**TASK REQUIREMENTS**
Repeat the data verbatim, images excluded.

**DATA**

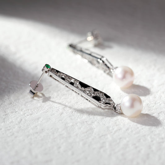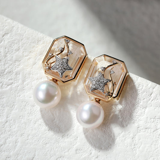 18K Gold Pearl Earrings with Diamond
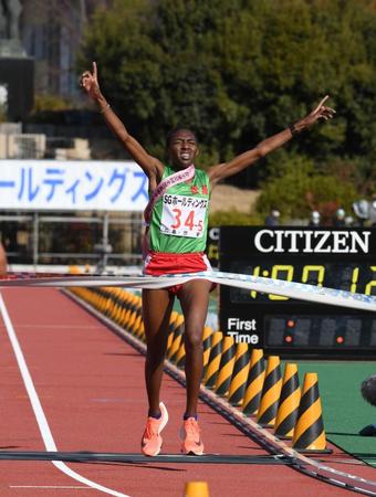 男子は3区のコスマス・ムワンギ(2年)が区間新記録でトップに立ち、そのまま後続が首位を守った。アンカー7区に抜てきされた2年生の塩出翔太は、猛追する仙台育英・白井勇佑(3年)を激走で振りきった。「(仙台育英は)つめてくると思ったが、最終コーナーで差があった」と勝利を確信。早々にガッツポーズを繰り出し、テープを切った。
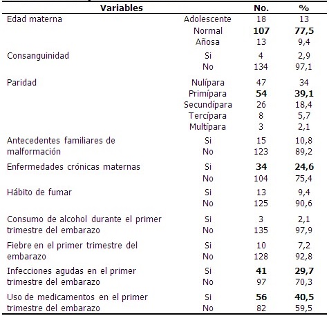 Con respecto a los factores maternos, predominó el grupo de edad normal (77,5 %), sobre las adolescentes y añosas; y las gestantes con historia obstétrica de primiparidad (39,1%). El 24,6 % de ellas presentó alguna enfermedad crónica, y el 40,5 % ingirió algún medicamento durante el primer trimestre de embarazo. (Tabla 1).
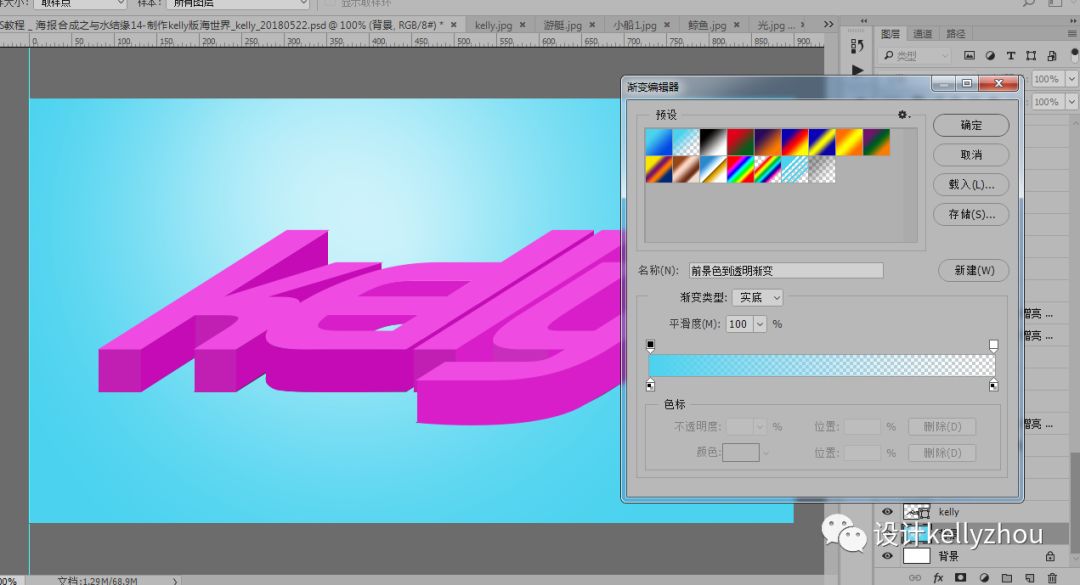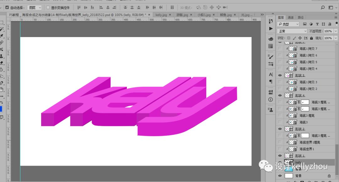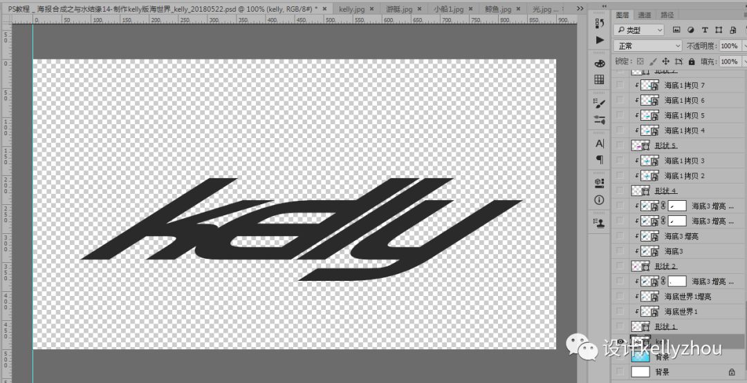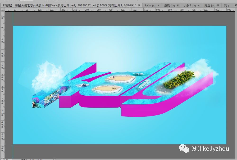 這幾天我看了一些好看的水中世界,我被深深吸引著,然后突發(fā)奇想用kelly這幾個(gè)英文自己來做一個(gè)有海的文字。
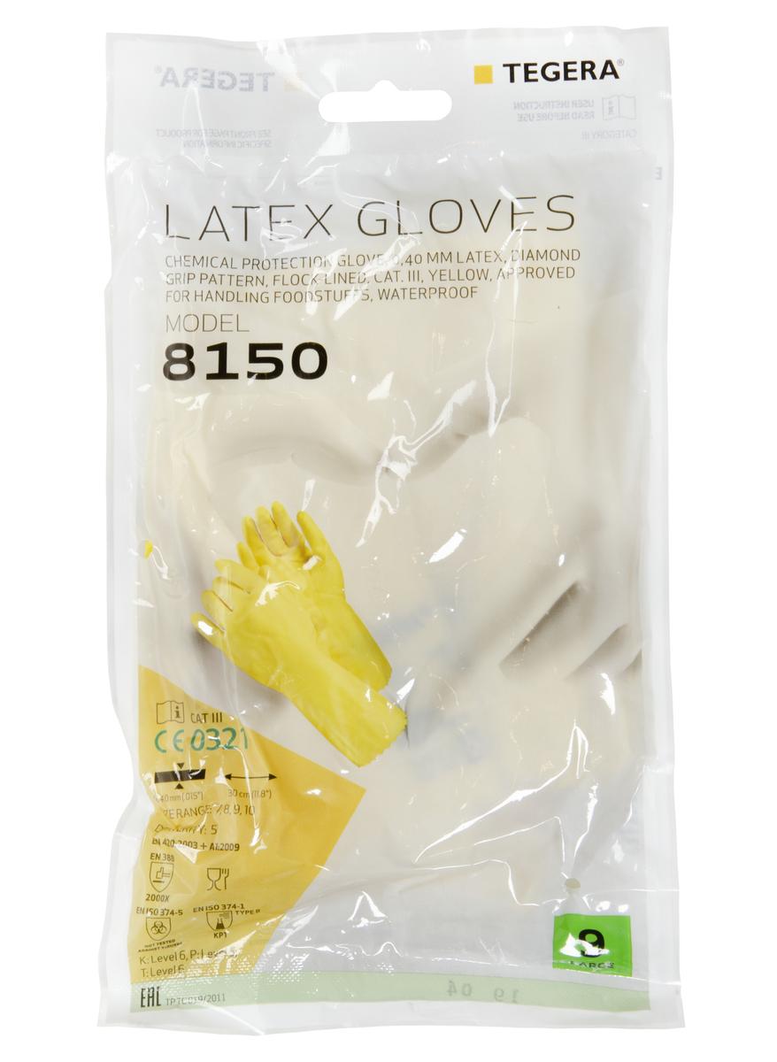8150, VEL.8, ROKAVICE IZ NARAVNEGA LATEKSA, KLASIČNE, VODOTESNE, RUMENE, TEGERA
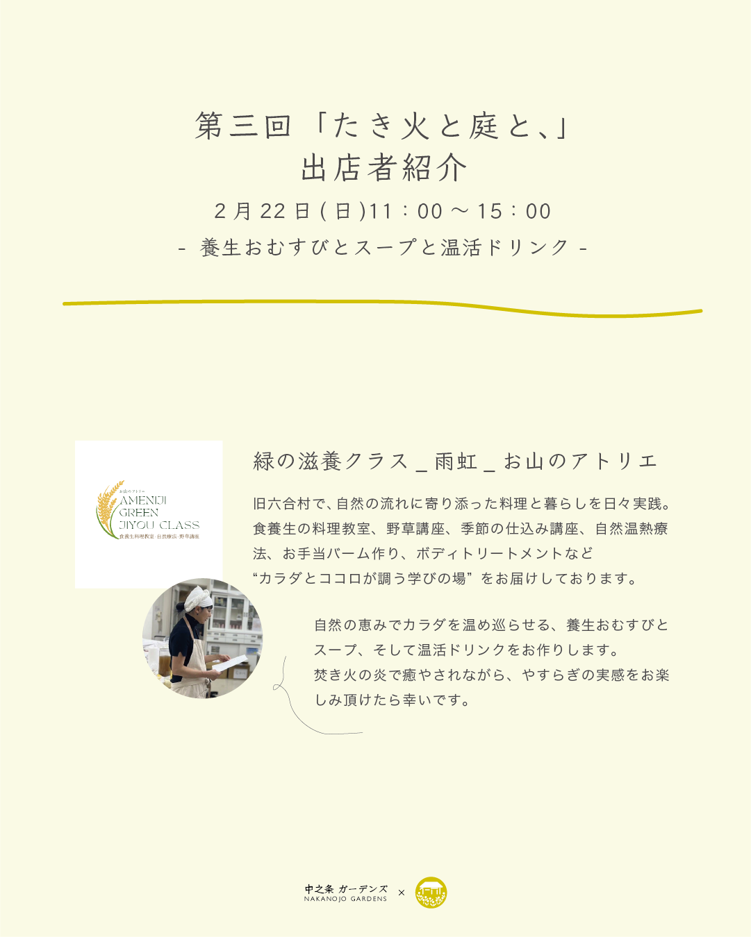 緑の滋養クラス_雨虹_お山のアトリエ(養生おむすびとスープと温活ドリンク)

**YOUR SOLUTION**
 18K Gold Pearl Earrings with Diamond
 男子は3区のコスマス・ムワンギ(2年)が区間新記録でトップに立ち、そのまま後続が首位を守った。アンカー7区に抜てきされた2年生の塩出翔太は、猛追する仙台育英・白井勇佑(3年)を激走で振りきった。「(仙台育英は)つめてくると思ったが、最終コーナーで差があった」と勝利を確信。早々にガッツポーズを繰り出し、テープを切った。
 Con respecto a los factores maternos, predominó el grupo de edad normal (77,5 %), sobre las adolescentes y añosas; y las gestantes con historia obstétrica de primiparidad (39,1%). El 24,6 % de ellas presentó alguna enfermedad crónica, y el 40,5 % ingirió algún medicamento durante el primer trimestre de embarazo. (Tabla 1).
 這幾天我看了一些好看的水中世界,我被深深吸引著,然后突發(fā)奇想用kelly這幾個(gè)英文自己來做一個(gè)有海的文字。
8150, VEL.8, ROKAVICE IZ NARAVNEGA LATEKSA, KLASIČNE, VODOTESNE, RUMENE, TEGERA
 緑の滋養クラス_雨虹_お山のアトリエ(養生おむすびとスープと温活ドリンク)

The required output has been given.